■ **Exercise data**
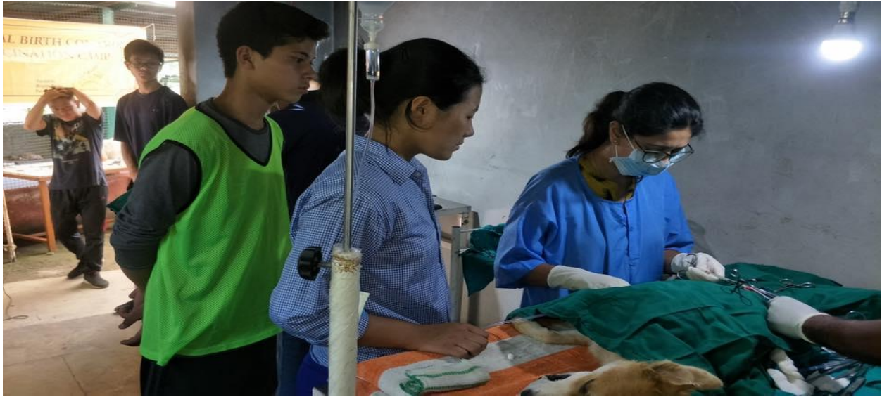
Animal Birth Control (ABC ) and Anti Rabies Camp at Suja
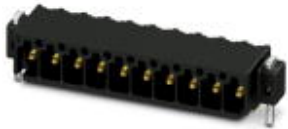
The illustration shows the 10-position version

Header, Nominal current: 6 A, Rated voltage (III/2): 160 V, Number of positions: 13, Pitch: 2.54 mm, Color: black, Contact surface: Gold, Mounting: Taped SMD/THT/THR components, Fixed coding of the last position, can be combined with the FMC 0,5/...-ST-2,54 C2 connector
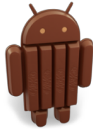
Android 4.4 KIT KAT
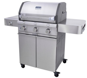
Saber 500 Cast

Also the Saber® SS 500 R50SB0412 Retail $1749 full sized built-in 3 burner grill loaded with features such as electronic ignition, halogen lights and a 18,000 BTU side burner.
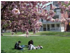
Example: college professor
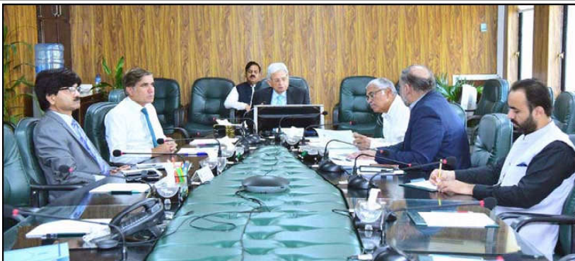
ISLAMABAD: Federal Minister for National Food Security and Research Rana Tanveer Hussain chairing 4th meeting of the National Wheat Oversight Committee.

In a related decision, the committee approved the provision of 300,000 metric tons of PASSCO wheat to the Food and Consumer Protection Department of the Government of Punjab, aimed at maintaining adequate wheat supplies for flour mills, stabilizing prices and ensuring uninterrupted availability of wheat flour to consumers.

■ **Work to be completed**
Skip the pictures and copy exactly the lines from the one containing "Example: college professor" through the end of the material, both ends included.

■ **Written answer**
Example: college professor
ISLAMABAD: Federal Minister for National Food Security and Research Rana Tanveer Hussain chairing 4th meeting of the National Wheat Oversight Committee.

In a related decision, the committee approved the provision of 300,000 metric tons of PASSCO wheat to the Food and Consumer Protection Department of the Government of Punjab, aimed at maintaining adequate wheat supplies for flour mills, stabilizing prices and ensuring uninterrupted availability of wheat flour to consumers.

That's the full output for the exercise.